Le simulazioni sono raccomandate da tutte le principali autorità di cybersecurity: ENISA (European Union Agency for Cybersecurity) le include nelle linee guida per la security awareness, il NIST (National Institute of Standards and Technology) le prevede nel framework 800-50 per i programmi di security training, e la NIS2 implicitamente le richiede quando prescrive “misure adeguate di gestione dei rischi cyber” e “formazione regolare del personale”. Non sono un'opzione: sono una componente essenziale di qualsiasi programma di sicurezza serio.
Benchmark: prima vs dopo le simulazioni
Dati dal KnowBe4 Phishing Benchmarking Report 2025 (campione: 65.000 organizzazioni globali, di cui 4.200 in EMEA). Prima campagna (baseline): tasso di click medio del 33,1% per PMI con 25-250 dipendenti. Dopo 90 giorni di formazione + simulazioni: 18,9%. Dopo 12 mesi di programma strutturato: 4,7%. Riduzione complessiva dell'86% del tasso di click. Le aziende italiane partono da un baseline leggermente superiore alla media EMEA (35,2%) ma raggiungono risultati analoghi dopo 12 mesi.

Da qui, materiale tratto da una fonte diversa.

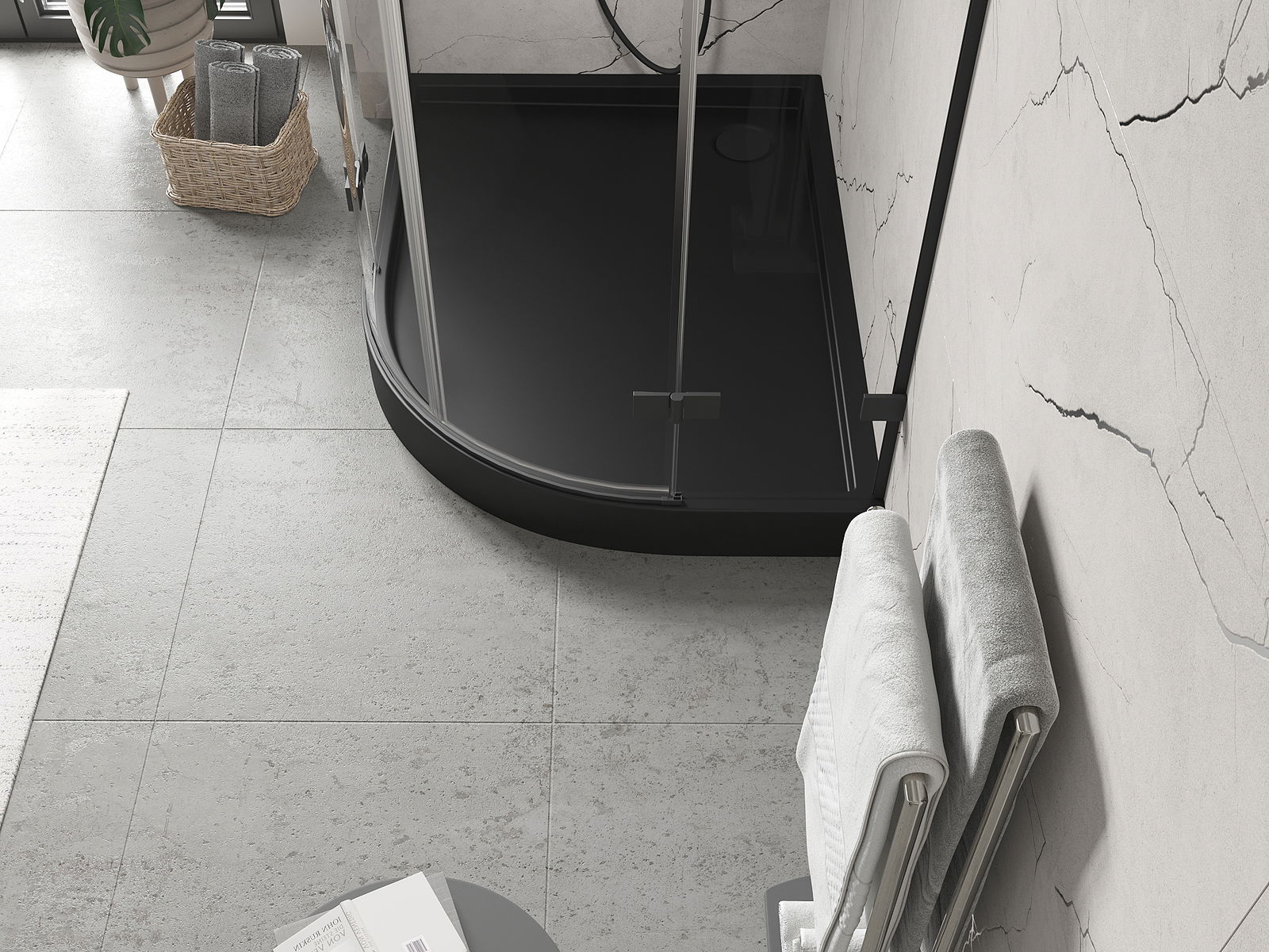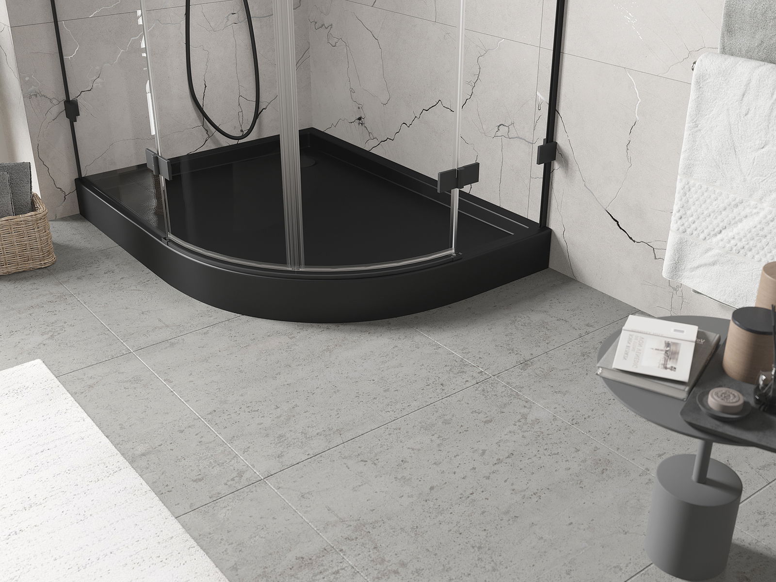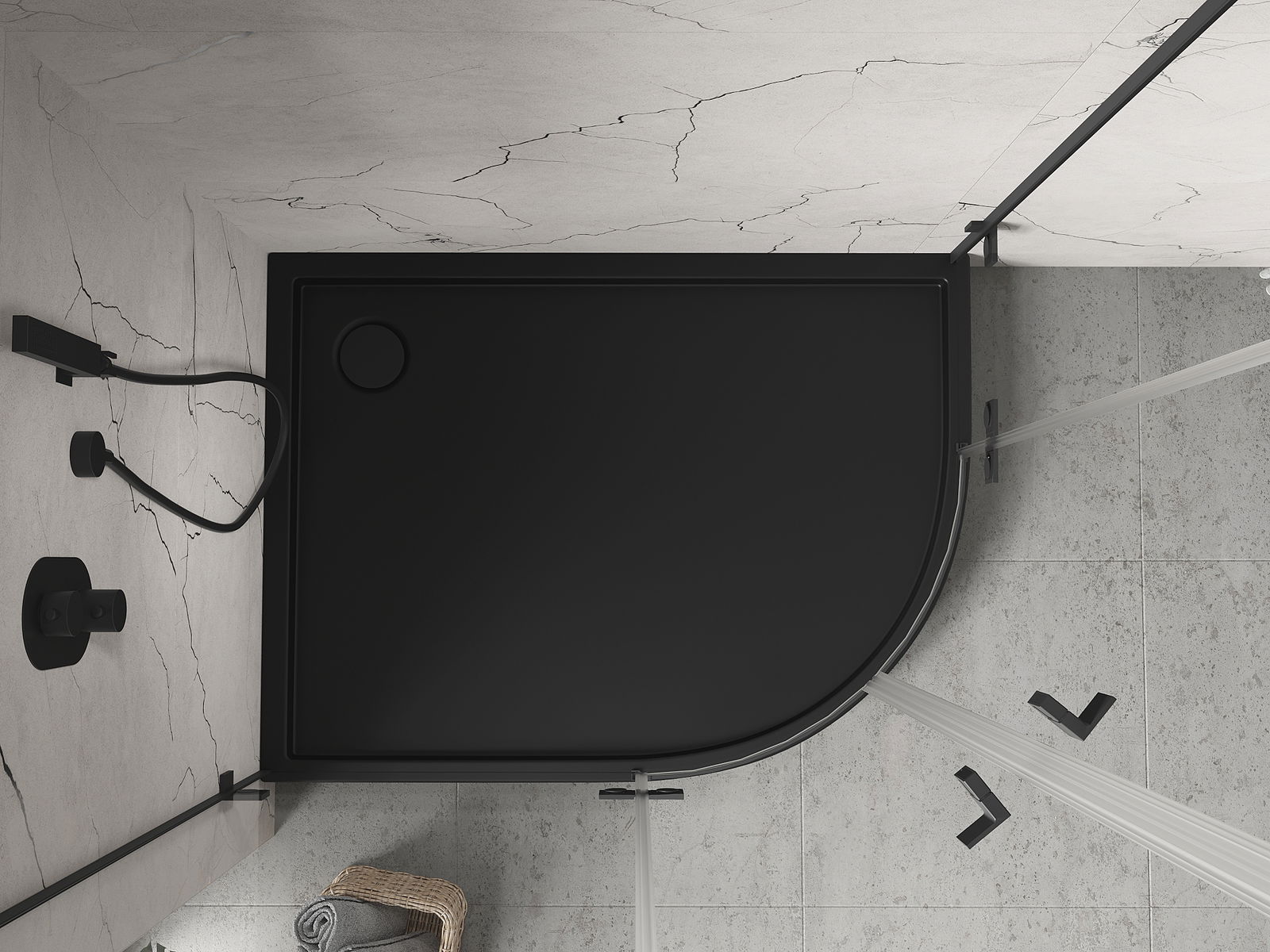 Mexen Flow+ sprchová vanička půlkruhová asymetrická levá 100 x 80 cm, černá mat - 46Q708010LH

2. Come Funziona una Campagna: Le 6 Fasi
Una campagna di phishing simulata ben progettata segue un processo strutturato in sei fasi, dalla pianificazione alla formazione post-campagna. Ogni fase è critica per il successo complessivo del programma.
Fase 1: Pianificazione
Si definiscono gli obiettivi della campagna (baseline iniziale, test post-formazione, valutazione per reparto), il target (tutta l’azienda, reparto specifico, management), la tipologia di phishing da simulare (generico, spear phishing, BEC), i tempi di invio (orario lavorativo, pausa pranzo, sera), e i criteri di successo. Si coordinano con il DPO gli aspetti privacy e con le risorse umane la comunicazione al personale.
Fase 2: Creazione del Template
Si progetta l’email di phishing simulata. Per la baseline, si usano template generici (notifica spedizione DHL, reset password Microsoft, fattura in scadenza). Per le campagne successive, si personalizzano i template con dettagli aziendali reali: nome del CEO, progetti in corso, fornitori abituali. La landing page di cattura replica la pagina di login del servizio impersonato. Il livello di sofisticazione deve essere coerente con il livello di formazione già erogato.

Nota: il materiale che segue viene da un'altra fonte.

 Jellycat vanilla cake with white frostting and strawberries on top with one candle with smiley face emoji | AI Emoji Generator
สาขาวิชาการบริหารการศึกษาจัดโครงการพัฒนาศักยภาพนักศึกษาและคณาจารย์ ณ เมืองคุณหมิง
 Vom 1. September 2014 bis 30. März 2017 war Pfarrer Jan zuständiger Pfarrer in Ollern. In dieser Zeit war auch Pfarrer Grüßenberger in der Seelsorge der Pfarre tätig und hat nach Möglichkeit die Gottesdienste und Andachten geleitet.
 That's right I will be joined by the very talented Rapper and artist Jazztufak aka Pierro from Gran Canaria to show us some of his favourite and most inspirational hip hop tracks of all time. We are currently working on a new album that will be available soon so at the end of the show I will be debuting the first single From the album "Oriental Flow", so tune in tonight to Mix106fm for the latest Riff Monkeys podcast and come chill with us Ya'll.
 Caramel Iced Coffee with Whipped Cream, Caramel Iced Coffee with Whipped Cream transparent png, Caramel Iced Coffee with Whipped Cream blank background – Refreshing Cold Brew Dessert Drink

Fase 3: Lancio della Campagna
L’email viene inviata ai destinatari target dalla piattaforma di simulazione. Per evitare che il sistema antispam aziendale la blocchi, si configurano whitelist temporanee sull’email gateway (solo gli IP della piattaforma di simulazione). L’invio viene distribuito nell’arco di 1-2 ore per evitare che i dipendenti si avvisino reciprocamente all’arrivo simultaneo dell’email.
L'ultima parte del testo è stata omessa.